======== Data provided

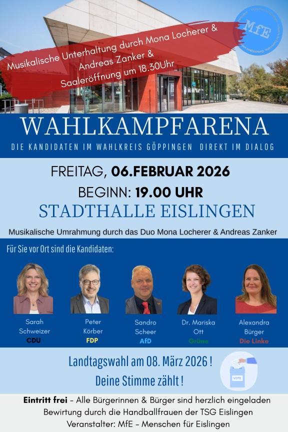 Am 6. Februar veranstalten die Menschen für Eislingen (MfE) e.V. eine Wahl-Arena zur Landtagswahl mit den Direktkandidaten von fünf Parteien. Es ist eine von nur wenigen öffentlichen Podiumsdiskussionen zur Wahl am 8. März. Mit dabei sind Sarah Schweizer (CDU), Sandro Scheer (AfD), Dr. Mariska Ott (Grüne), Peter Körber (F.D.P.) sowie Alexandra Bürger (Linke).
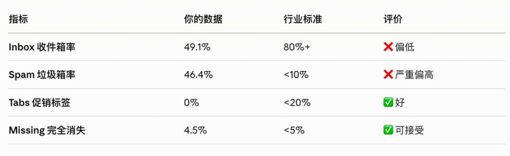 我这里看的是严格不合格的,因为 inbox 收件箱成功率才49.1%,至少要在70%以上才算合格,我这里用的阿里云企业邮箱,里边的 ip 大多被用来群发被各个邮箱服务器标记了
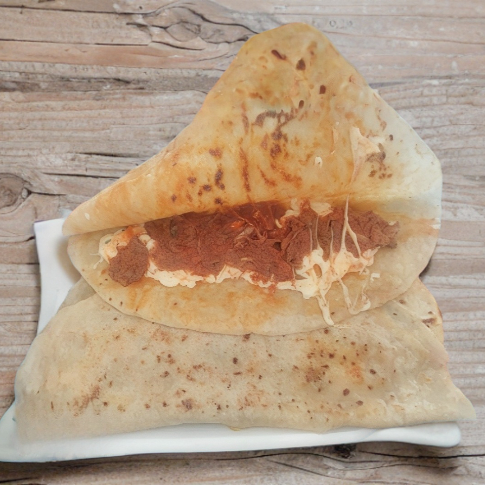 Tortilla de harina artesanal con queso y chistorra asada.
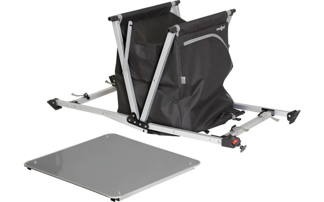 Neu entwickelter Mehrzweckschrank mit CROSS-Rahmen aus Aluminiumrohr. 1 Fuß des Schrankes ist höhenverstellbar, schwenkbar und groß genug, um ein Absinken in weicheren Böden zu verhindern. Mit großem Staufach und einer Arbeitsplatte aus verstärktem MDF-Material.

================

● To do
Starting at the line with "inbox 收件箱成功率才49.1%,至少要在70%以上才算合格,我这里用的阿里云企业邮箱,里边的 ip", transcribe the listing above exactly through its last line. No picture belongs in the transcription.

● Result of the exercise
 我这里看的是严格不合格的,因为 inbox 收件箱成功率才49.1%,至少要在70%以上才算合格,我这里用的阿里云企业邮箱,里边的 ip 大多被用来群发被各个邮箱服务器标记了
 Tortilla de harina artesanal con queso y chistorra asada.
 Neu entwickelter Mehrzweckschrank mit CROSS-Rahmen aus Aluminiumrohr. 1 Fuß des Schrankes ist höhenverstellbar, schwenkbar und groß genug, um ein Absinken in weicheren Böden zu verhindern. Mit großem Staufach und einer Arbeitsplatte aus verstärktem MDF-Material.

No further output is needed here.